第二天在人才市場依舊毫無進展,他沒有實踐經驗,也沒有熟人推薦,更沒有什麽可以令人刮目相看的證書來證明自己的能力。

白真一直覺得,證書這玩意兒,有跟沒有沒什麽不一樣,就像是你一直都知道自己有這個本事,就沒有證明的必要。

可是這個思想在招聘會上行不通,他碰了好幾個軟釘子,中午吃了些東西,想著今晚上要不要給雷博文打個電話,白真慢慢走到了自己住的招待所附近。

這邊的幾條街治安不怎麽樣,來來往往的大部分都是外來務工人員,偶爾也會有人在陰暗的角落做一些見不得人的交易,不過那都是天黑之後才會有的了。

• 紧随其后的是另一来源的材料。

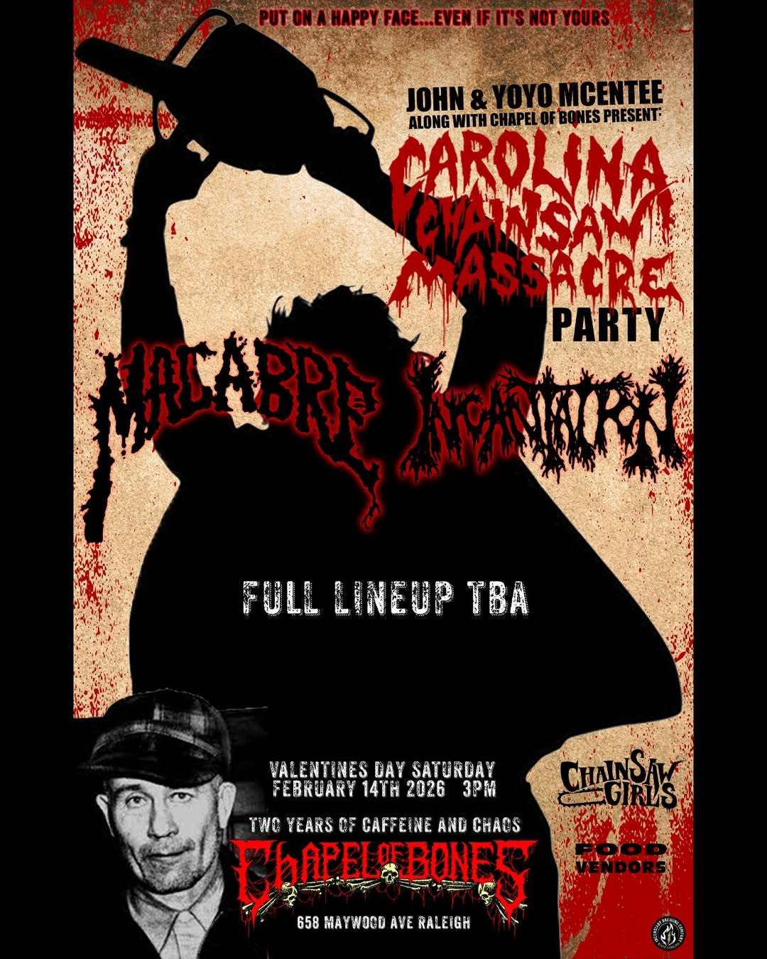 The Carolina Chainsaw Party marks the official halfway point to the legendary Carolina Chainsaw Massacre, the horror-fueled extreme metal gathering curated annually by John and Yoyo McEntee. While this year is not the full festival, this event serves as a brutal checkpoint, a celebration, and a warning shot of what’s still to come.
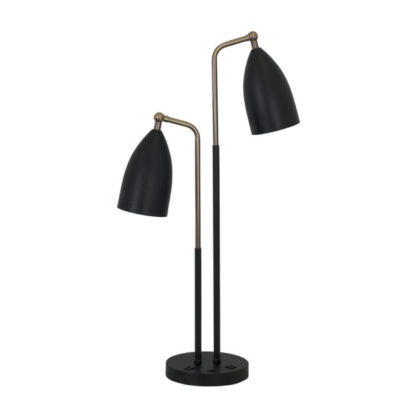 This table lamp has a antique brass, flat black finish that includes a metal shade.

現在在附近遊走的,大部分是一些扒手,或者是一些無事可做的人。

白真在距離自己幾米之遙的人行道上看見了那個女人。

依舊是昨晚上的那身衣服,頭發亂糟糟的,還有些髒,臉上也有一些淚水混合著血跡留下的痕跡。

她站在馬路邊上,似乎是在找什麽。

白真有些不解的看著她,想著難不成是被丈夫打怕了,想出來找下一個棲身之所?

眼前是一個丁字路口,看見紅燈他就停下了腳步,站在了原地。

那女人就站在對麵的紅綠燈下麵,不斷地打量著四周,白真注意到不遠處一群女高中生正嘻嘻哈哈的朝著這邊走來。

女孩們的笑聲似乎是吸引了她的注意力,女人轉過頭,用一種非常奇怪的眼神開始不斷地打量著那些女孩。

片刻後,她露出了失望的表情。

就在女人轉過身的時候,白真看清了她手裏還拿著一個什麽東西,好像是編織物,可惜距離太遠他看不清楚。

綠燈了,他抬起腳,快步朝著對麵走了過去。

女人卻沒有動,她看上去是有些累了,坐在了一邊的花壇上,垂頭喪氣的看著自己麵前的馬路。

白真往招待所的方向走了幾步後,想了想,還是退回到了那個路口附近,觀察起了那個女人。

他不想多管閑事,但是不知道為什麽,那個女人的舉止行為就是讓他很在意。

綠燈轉成了紅燈,此時從另一個方向又走來了幾個女學生,嘰嘰喳喳的說個不停,女人坐直了身體,看著她們。

然後又一次露出了那種表情。

白真這次是明白了,女人是在找人,但是是在找誰?

他在那邊看了半個小時,女人就在那找了半個小時,每次看見女學生經過,都會盯著她們看,那強烈的視線引來幾個女生厭惡的表情,她們壓低了聲音,加快了自己的腳步。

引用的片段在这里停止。